In White Fang, Jack London writes:

"But he was anything save a beauty. To antithesis was due his naming. He was preëminently unbeautiful."

How is "antithesis" used in the example provided and what does the sentence "To antithesis was due his naming" actually mean?

  • He was given his name ironically, antiphrastically. Jul 12 '20 at 15:06
  • @EdwinAshworth Comments are strictly speaking not intended for providing answers.
    – Tsundoku
    Aug 25 '20 at 9:14

In your question, you left out a previous sentence that is important for figuring out what this means:

This man was called "Beauty" by the other men of the fort.

What your sentence means is that it's an "ironic nickname", like when a two meter tall man is called "Shorty"; see TVtropes.

From Merriam-Webster:

Antithesis: a person or thing that is the direct opposite of someone or something else.

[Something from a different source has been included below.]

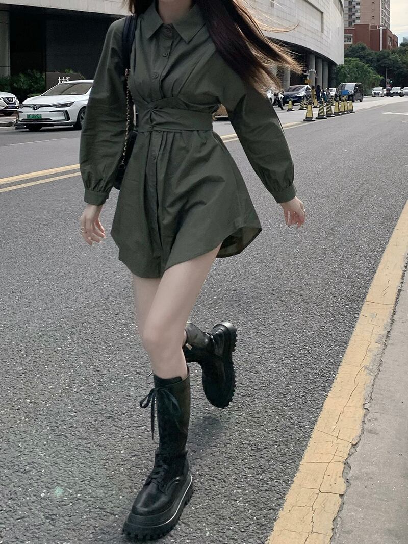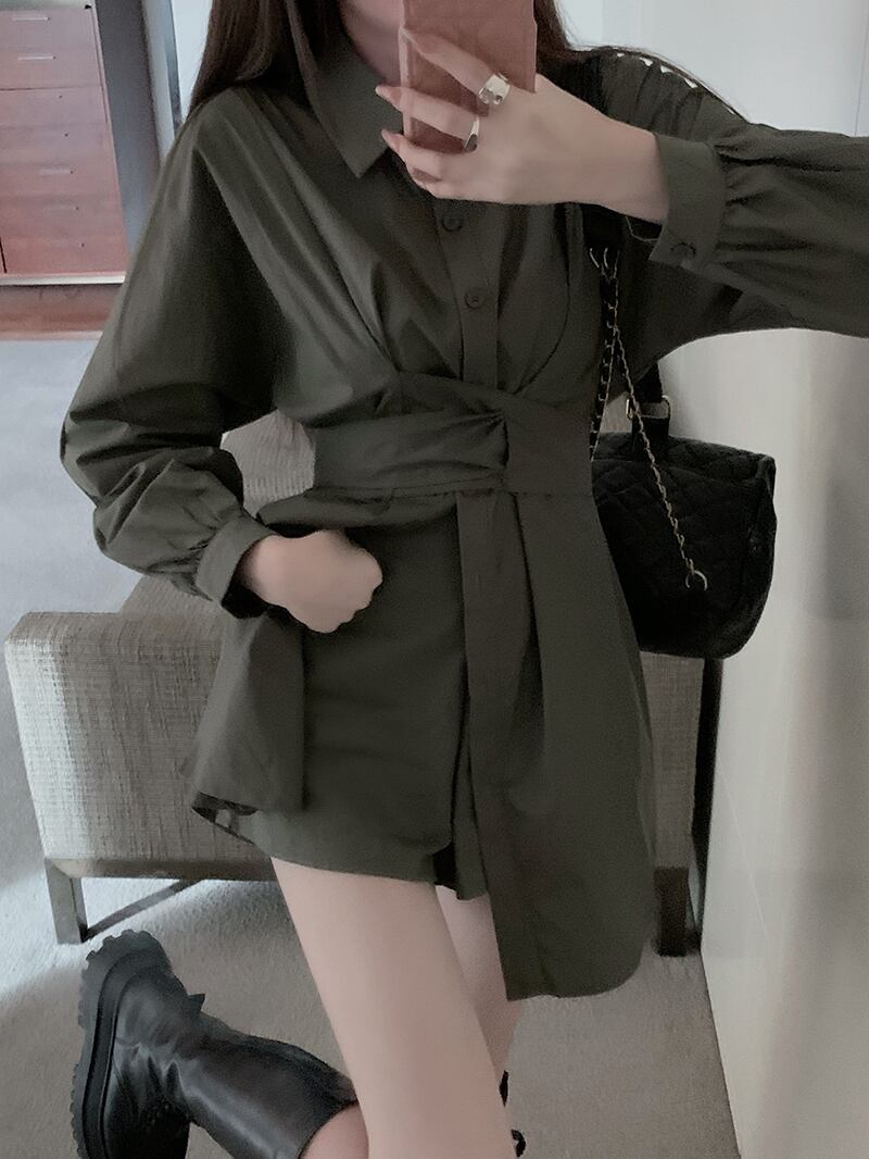 オータムシャツ ドレス グリーンウェストショーツ ロング 秋物 ブルマー モンロー71471682092

So Jack London is saying that he was given his nickname because it's the direct opposite of one of his attributes.

EDIT: the OP asked about the grammaticality of the sentence. Here is my answer:

The sentence is inverted (which is grammatical, but somewhat uncommon); in the more usual word order, it says "His naming was due to antithesis." Here, "was due to" means "was because of", and "naming" means being given a name, so put in more everyday language, the sentence becomes "he was given his name because of antithesis."

  • Thanks for clarification for the sentence's meaning, however is the sentence itself gramatically correct? How exactly does "To antithesis" function within the sentence to convey said meaning?